On that Monday, November 5th, it was a wiry Vietnamese woman whom operated by the rule that smiles (from her at least) must be earned. My brother and his fiance were just another happy young couple who knew nothing of marriage’s hardships and trials. No smile for them. Not yet. She stood imperiously behind the counter as my brother filled out the forms, asking my cousin and I to stand as witness, then robotically stamped and filed whatever needed to be stamped and filed.
“Okay,” she said brusquely when the paperwork was done, “Please wait outside in the hall and the officiator will be with you shortly.”
We milled around in the hall, wondering who the officiator would be and how long the ceremony would last when the door we had just come through swung open and the Asian woman walked out, putting on a long black judge’s robe. It was the weirdest thing.
“Follow me,” she said, then opened the door across the way and motioned us inside. It was a small room, half the size of our living room at home, but warmed by the sun streaming in from the windows at the other end. Meant for intimate ceremonies, it could at most hold a party of twenty-five. There was a podium behind which the woman now stood and before her and above the bride and groom, a latticed arch around which was wrapped fake flowers. Some romantic words I’ve since forgotten were painted on the walls, and there was a row of wooden benches along the back wall for any guests you happened to invite.

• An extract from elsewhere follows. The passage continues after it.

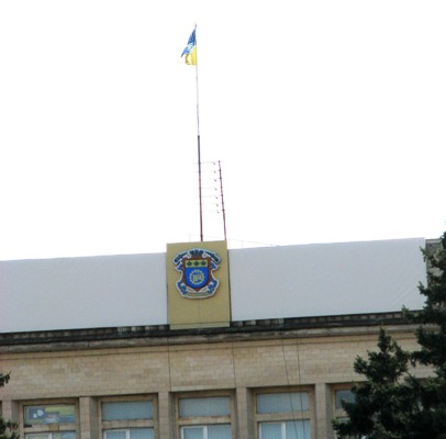 В субботу, 14 апреля, здание горисполкома Краматорска украсилось большим гербом города. Новый символ разместился как раз на том месте, где когда-то виднелись лепные серп и молот времен СССР.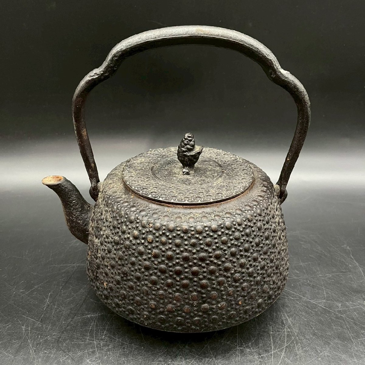 > OM0918-13‐3 鉄瓶 鉄器 鉄製 やかん 湯沸し あられ 急須 茶道具 茶器 茶道具 古道具 伝統 工芸 骨董品 高さ12㎝ 口径9.5㎝ 80サイズ

There were so few of us no one sat, but instead crowded as close as we could to the couple without stepping on their toes.
The officiant, suddenly all smiles, read them their vows with strangled but extremely audible English. This part of the job she apparently relished. My brother repeated his in his perfect english and Cathy repeated hers in English that was a little bit worse than the officiant’s. My father moved nonstop snapping photos, blocking my mother’s view at critical moments, and running in and out of the video I was recording like a slow phantom. In less than ten minutes they were married and we posed before the fake flowers for a family photo and it was so short but in the history of all the weddings that I’d ever been to, it was, in its simplicity, one of the finest.
And that’s how it was: the six of us plus the officiant, though if the simplest of weddings were boiled down further to its essence, it could have been simply, very simply, just my brother, Cathy and the officiant. We were glad to be there, just as we will be glad to be at the Chinese ceremony and reception this Sunday, with nearly two-hundred and fifty other guests (a medium-small wedding by Taiwanese standards). But even on Sunday we will be, just as we were that sunny November morning, no more essential to their union than the romantic words painted on the walls.